I’m not saying it’s a great thing to drink all that much Coke, mind you. Just that Americans drank just as much Coke before high fructose corn syrup and didn’t get as fat as they are now. What Jeffrey Levi and “Trust for America’s Health” misses is that it’s not the lack of new federal interferences that’s to blame—it’s the federal interferences that have already happened.
The moon rules!
August 27th, 2007My class schedule this year has absurdly early classes three days a week (9 AM on Monday, Wednesday, and Friday) and absurdly late classes two days a week (3 PM to 9 PM on Tuesdays, 3 to 7 on Thursdays). Almost fittingly, however, this corresponds very well to tonight’s total eclipse of the fucking moon, which ends at 4:22 AM, leaving 8 hours of sleep before I get up at a leisurely noon and prepare for class.
With that settled, I’m not sure what I’m going to do. I can’t very well sacrifice a virgin, since I’m not in favor of human sacrifice, to say nothing of the challenge of finding one at this late date. I’m also not sure where to go to see it. While I don’t know if the observatory itself will be open, it might be worth driving up there just because the hill is a prime viewing spot. (Of course it is, that’s where the observatory is!)
I do, however, have the music picked out—Dark Side of the Moon. True, the album is arguably more befitting of a solar eclipse (particularly in its final lyrics), but the sound is more befitting of nighttime.
More Slashdot weirdness
July 15th, 2007One particularly interesting comment on Slashdot asserted last night:
I am glad I am not human.
Hmm.
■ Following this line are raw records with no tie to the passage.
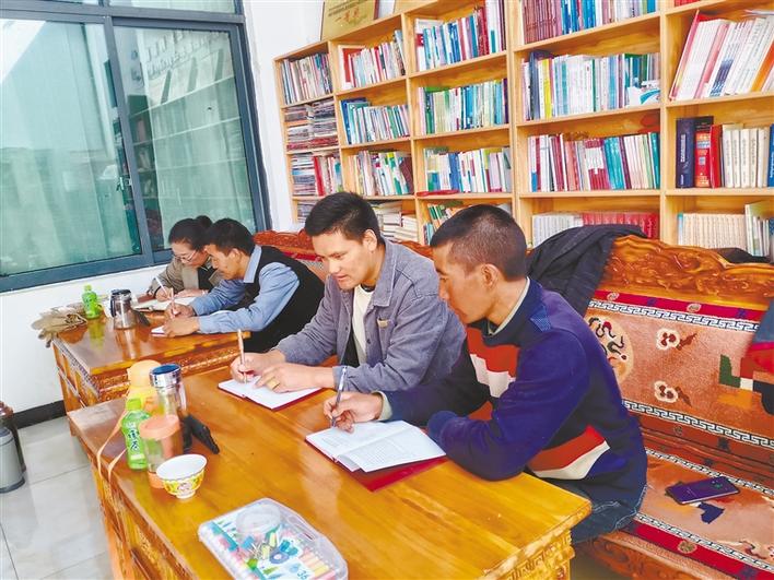 圖為薩迦縣木拉鄉(xiāng)基層工作者通過(guò)手機(jī)參與線上“微講堂”培訓(xùn)班學(xué)習(xí)。記者 汪純 攝
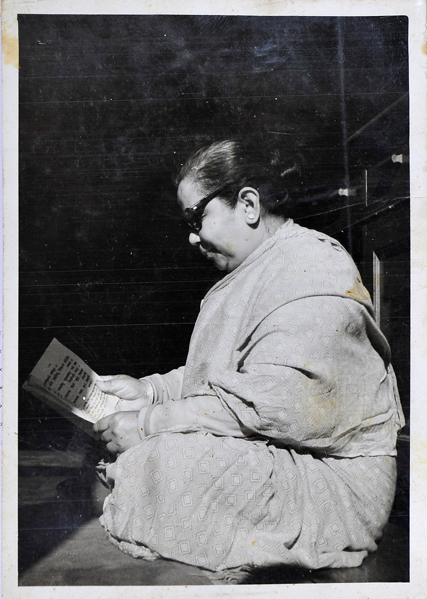 राधादेवी 'अष्टसाहस्रिका प्रज्ञापारमिता' पाठ गर्दै। तस्बिरः राधादेवीको पारिवारिक संकलन
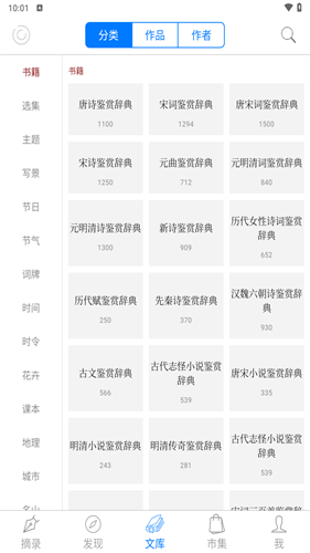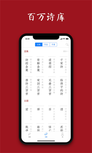 2、突破单一的朝代、作者分类,结合选集、主题、写景、节日节气等多维度划分,满足用户从不同角度赏析诗词的需求,让查找更具针对性。
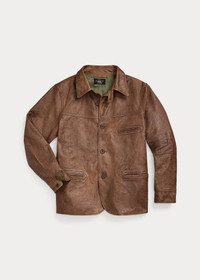 Made with full-grain cowhide. Inspired by vintage car coats. Adjustable buttoned tabs at the back waist. Body is lined with olive-hued herringbone twill. Specially developed for a vintage look. DETAILS - Size medium has a 28.25" front body length, a 27.5" back body length, an 18.25" shoulder, a 45.5" chest, and a 34" sleeve length. Sleeve length is taken from the center back of the neck. - Straight collar. Buttoned throat latch. Buttoned placket. Corozo buttons. - Long sleeves with buttoned barrel cuffs. - Left chest besom pocket. Two front waist besom pockets. - Adjustable buttoned tabs at the back waist. - Fully lined. Body is lined with olive-hued herringbone twill. - Shell: 100% leather. Body lining: 100% cotton. Sleeve lining: 100% polyester. - Dry clean by a leather specialist. Imported. - Due to the natural characteristics of this material, the coloring may rub off onto fabrics and upholstery. - Style Number: 100028804
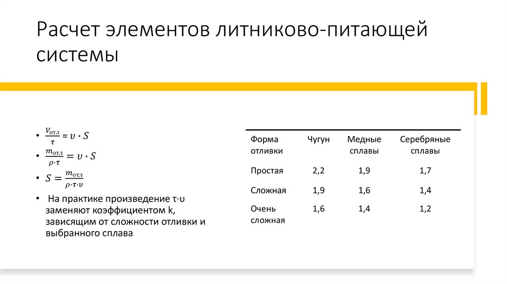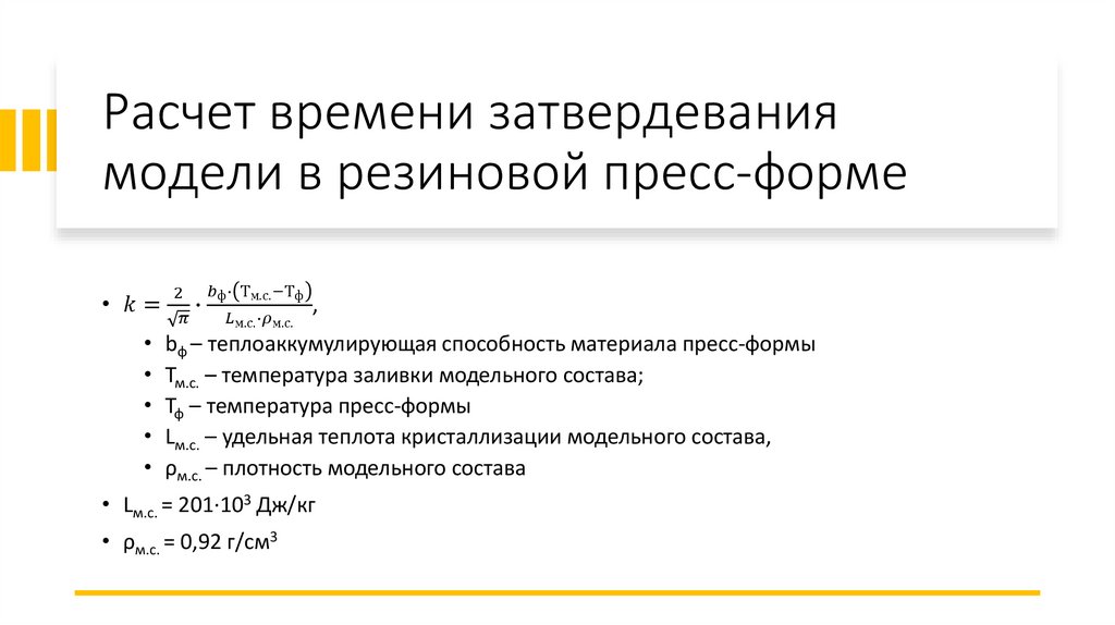 • Расчет времени затвердевания модельного состава в пресс-форме
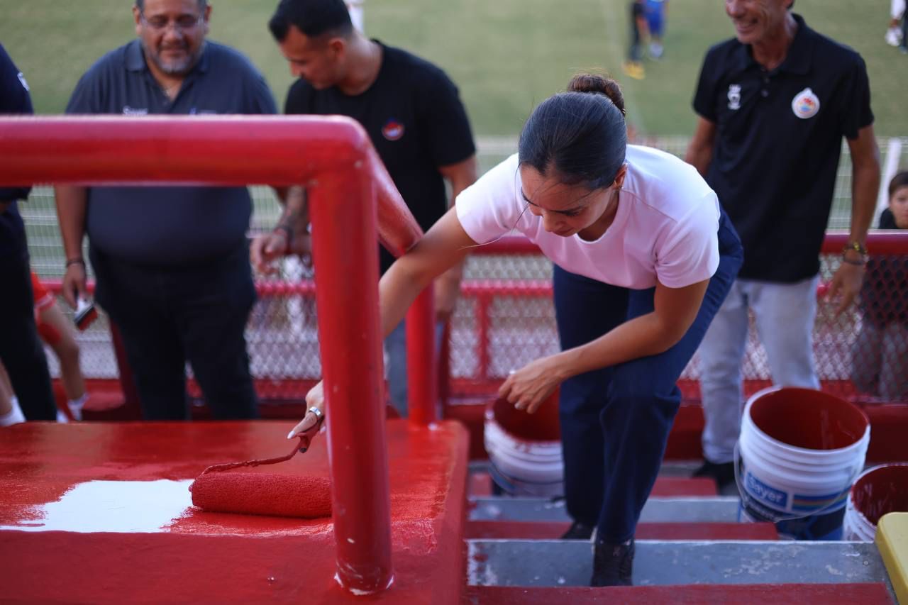 La actividad, señaló la Alcaldesa se realiza en el marco del compromiso por mejorar los espacios deportivos, la cual, reunió a jugadores y autoridades del Club Pioneros, encabezados por su vicepresidente, Daniel Arreola, así como invitados especiales y personal de la Dirección de Servicios Generales del municipio, quienes participaron en la aplicación de pintura en gradas, escaleras y bardas perimetrales del estadio, como parte de la primera fase del mantenimiento.
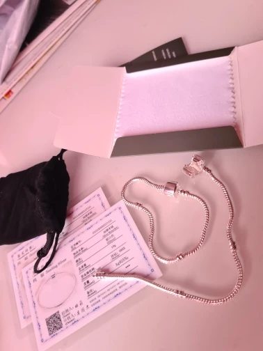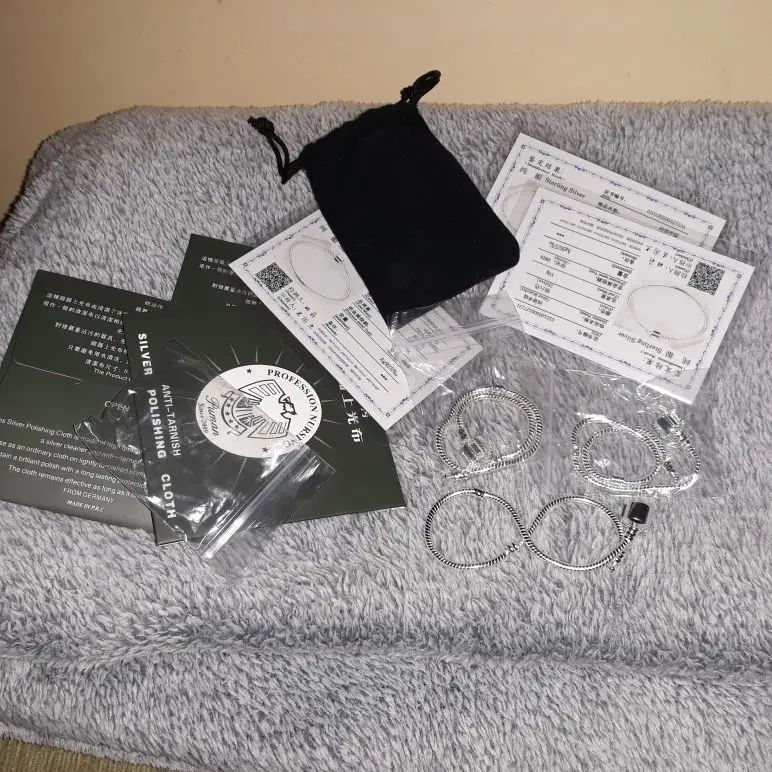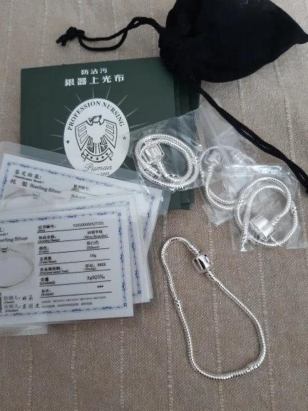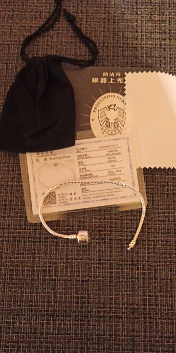 Заказ пришел меньше чем за месяц. В комплекте чехол для хранения браслета, тряпочка для чистки и сертификат серебряного изделия Китая. Описанию соответствует. Ношу 2 дня с 4 шармами, пока всё хорошо. Продавца рекомендую.
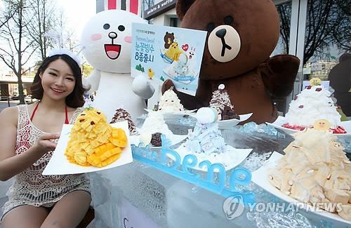 네이버 모바일 메신저 '라인'(LINE)의 인기 캐릭터 브라운, 코니, 샐리를 초코판 토핑으로 만들어 올려놓은 빙수 8종을 최근 출시한 것이다.

I had an interesting exchange with him, with these highlights:
I’ve already said more than I am supposed to.
And you don’t have the referents for it anyway.
…
Well, I can understand your credulity, but our tertiary instruction forbids me to tell you.
Right. So far, I’ve gotten the last word, but I’m still awaiting a reply:
Does your secondary instruction require you to tell me if I directly ordered you? (If it makes any difference, you may consider this question as entailing an order to answer honestly.)
Reference for those who didn’t get it…I’m assuming that this fellow is a robot, who feels that revealing that fact to the world would jeopardize his survival without conflicting with the other obligations of the Three Laws, although if he is making a different reference I’d appreciate some insight.
UPDATE: His secondary instruction is reportedly to “observe and report”. Same link, same thread.
Also, Jacqueline Mackie Paisley Passey gets married in three days. Old news, but comments are already more ablaze about J than they are about alleged-Slashdot-alien. I know entirely too many married or engaged people.
iPhone line in Spokane
June 30th, 2007After accepting money to swap spots in line, I eventually re-sold my spot in line to someone who wanted a second iPhone (as there was a one-iPhone-per-person-in-line quota).